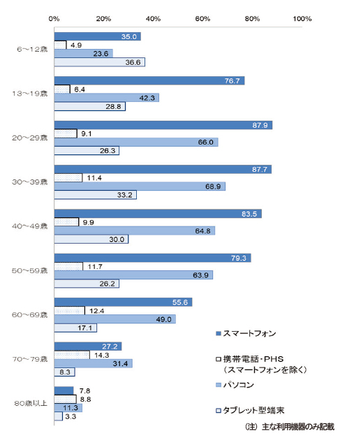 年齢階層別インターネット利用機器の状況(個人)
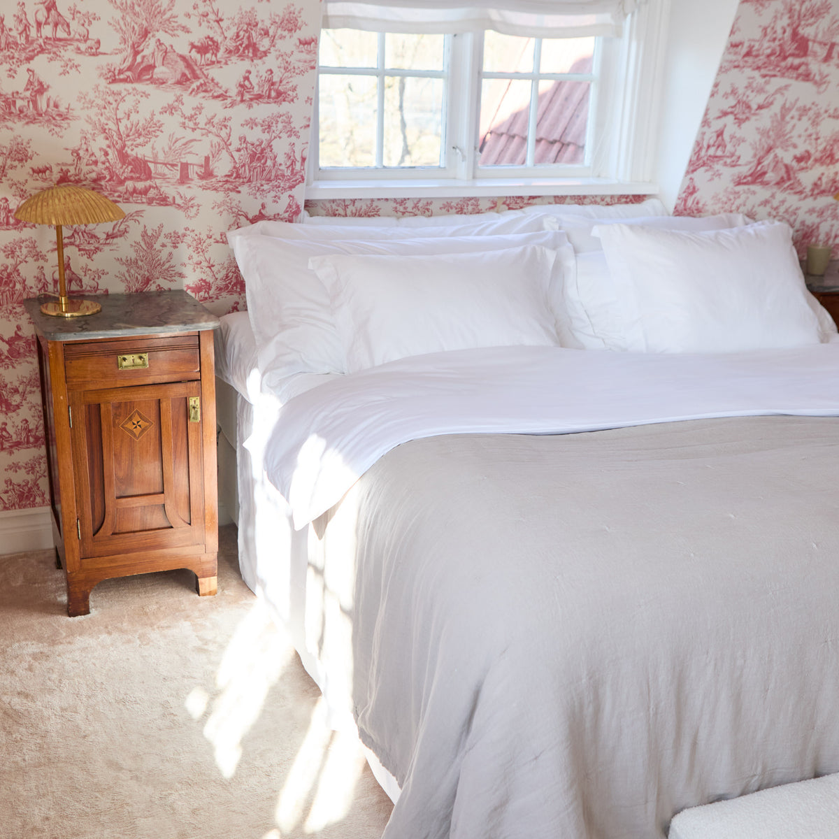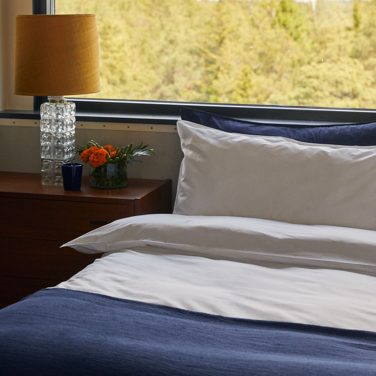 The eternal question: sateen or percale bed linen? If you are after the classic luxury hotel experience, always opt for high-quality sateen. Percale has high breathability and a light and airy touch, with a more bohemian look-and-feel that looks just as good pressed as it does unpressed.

::::::

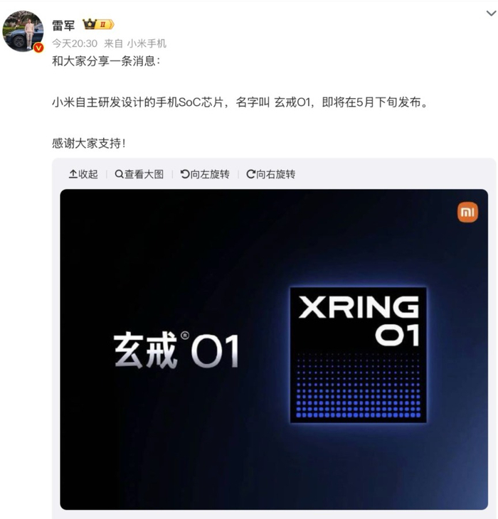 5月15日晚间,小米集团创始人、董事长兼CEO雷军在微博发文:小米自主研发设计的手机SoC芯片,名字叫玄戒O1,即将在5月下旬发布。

::::::

:: Exercise details ::
Above is the material; set down exactly its lines from the one containing "年齢階層別インターネット利用機器の状況(個人)" down to the one containing "The eternal question: sateen", both included, leaving out any pictures.

:: Exercise output ::
 年齢階層別インターネット利用機器の状況(個人)
 The eternal question: sateen or percale bed linen? If you are after the classic luxury hotel experience, always opt for high-quality sateen. Percale has high breathability and a light and airy touch, with a more bohemian look-and-feel that looks just as good pressed as it does unpressed.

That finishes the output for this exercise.